場所はマウイとモロカイ島、ラナイ島に囲まれた場所で、ここで日程の調整を兼ねての錨泊となった。 あの熱帯のパナマを抜けてきたのに、到着すると、それほど待たずに上陸の許可が出た。
そこで改めて思ったこと、それは、日本からロサンジェルスに到着した時は、しっかりとした検疫があったのに、その後、パナマに上陸しても、その後の港では検疫がない。 日本に帰港してもないらしい。 とすると、アメリカからすると、熱帯のパナマは地続きで同列だが、アジアの東に位置する日本は防疫的に一段下で、疫病を拡げる危険度が高いと言うこと? 確かに戦後の占領下で、鼻水を垂らしたり、頭のシラミ退治にDDTを掛けられたりした子供の映像イメージが強いが、まだこんな扱いを受けているとは、、少し憤慨しました。 ま、でも、すぐ上陸できるのは嬉しかった。
Enk547

で、上陸して、周りを見渡すと、道路とそれに沿って並ぶ小さな商店、家々、のんびりとした田舎町と言う感じで、きらびやかなところがない。 それでも沿道から離れた公園に向かう小道に木の実が落ちている。友人に聞くとククイナッツというらしく、硬い殻で磨けばアクセサリーになると言う。 そこで、植物検疫に引っかかるかも知れないとは思ったが、残りの航海の暇な時に磨けば、良いアクセサリーになると思い、10個ほどポケットに詰め込んだ。 さっきは検疫がないことで怒っていたくせにである。
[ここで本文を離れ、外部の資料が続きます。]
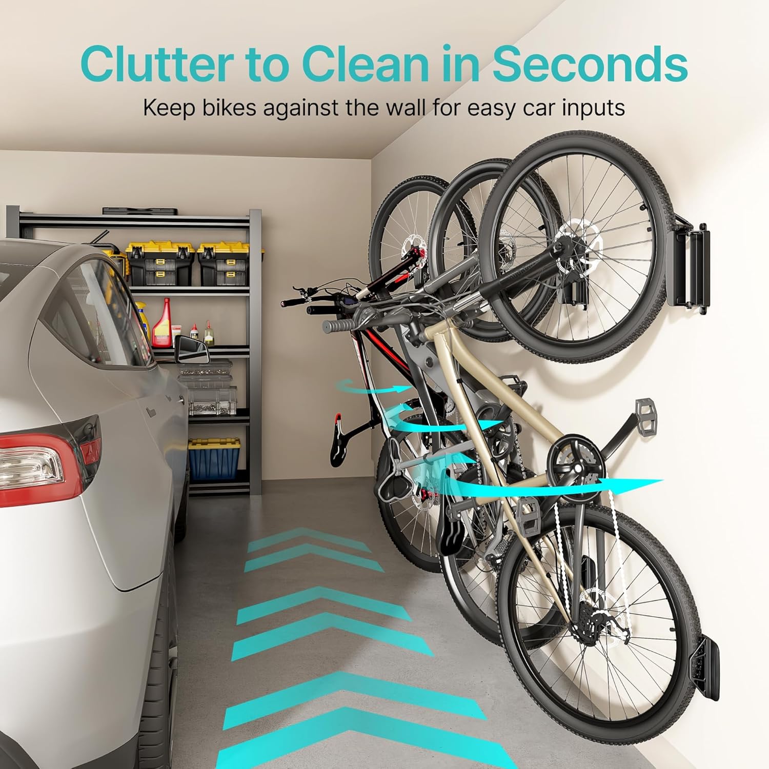 Bike Rack Garage, Bike Wall Mount Heavy Duty, Holds 77 Lbs, Swivel Bike Hangers for Garage, Adjustable Indoor Bike Storage for Bedroom Home Office, 4 Pack

帰船すると、部屋で長さ5~6cmのピンク色の石のようなものを磨いている学生がいた。
何でも、たまに漁網に入った珊瑚のカケラを売っている店があるらしく、そこで購入したそうだ。
流石に4年間も入学前に社会生活を送っていたから、情報をしっかり掴んで乗船してきているわ。私もそういう情報を知っていれば、買いにに走っただろうに、、ピンクの珊瑚とククイナッツでは、差がありすぎる。 プレゼントする相手はいないが、癪に障るものだ。
ククイナッツはその後ヤスリに掛け、綺麗にピカピカと光る状態になって、、誰にあげたっけな?